[Records for this exercise Boundary: Start]

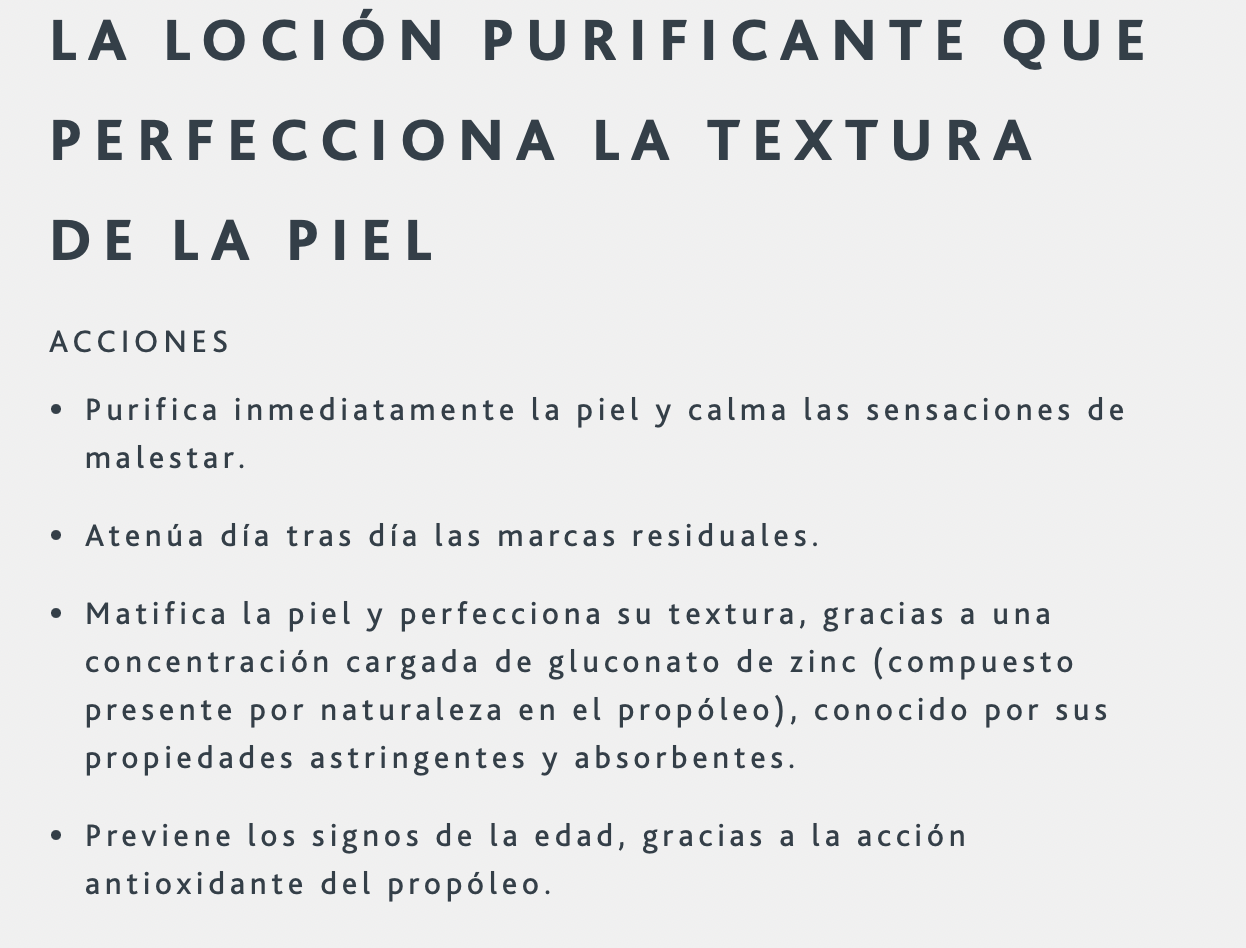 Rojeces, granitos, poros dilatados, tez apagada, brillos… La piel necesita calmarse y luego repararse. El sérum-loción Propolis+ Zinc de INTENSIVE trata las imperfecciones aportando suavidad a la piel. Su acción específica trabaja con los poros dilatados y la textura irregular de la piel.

[Records for this exercise Boundary: End]
[Records for this exercise Boundary: Start]

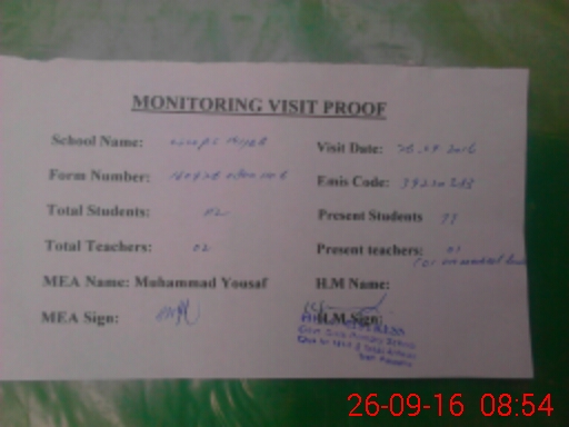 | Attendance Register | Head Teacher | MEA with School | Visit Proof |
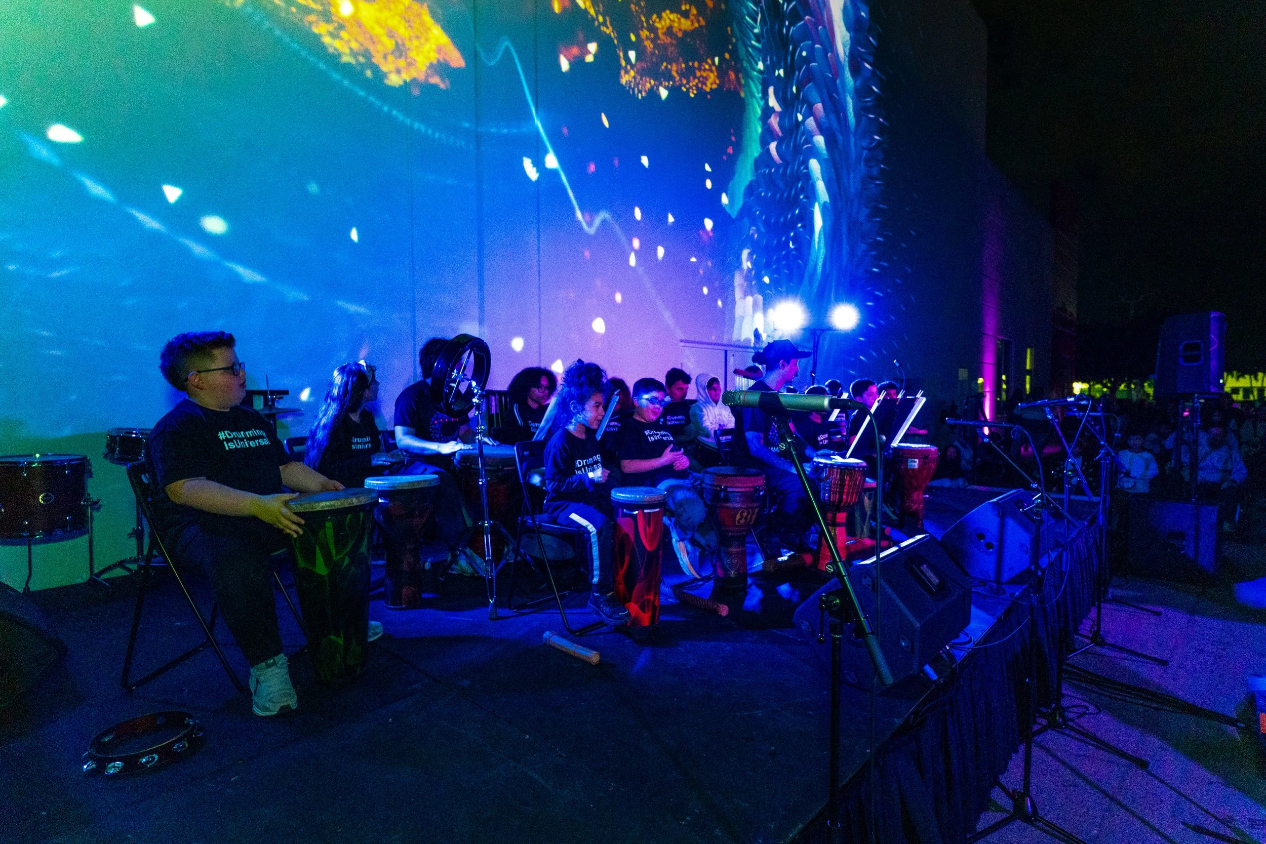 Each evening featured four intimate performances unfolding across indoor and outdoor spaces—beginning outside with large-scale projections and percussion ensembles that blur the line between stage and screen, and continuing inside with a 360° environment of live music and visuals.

[Records for this exercise Boundary: End]

* Exercise directions:
Would you copy, word for word, only the lines above from the one containing "Visit Proof |" through the one containing "Each evening featured", both included, and please leave out the pictures?

* Output:
 | Attendance Register | Head Teacher | MEA with School | Visit Proof |
 Each evening featured four intimate performances unfolding across indoor and outdoor spaces—beginning outside with large-scale projections and percussion ensembles that blur the line between stage and screen, and continuing inside with a 360° environment of live music and visuals.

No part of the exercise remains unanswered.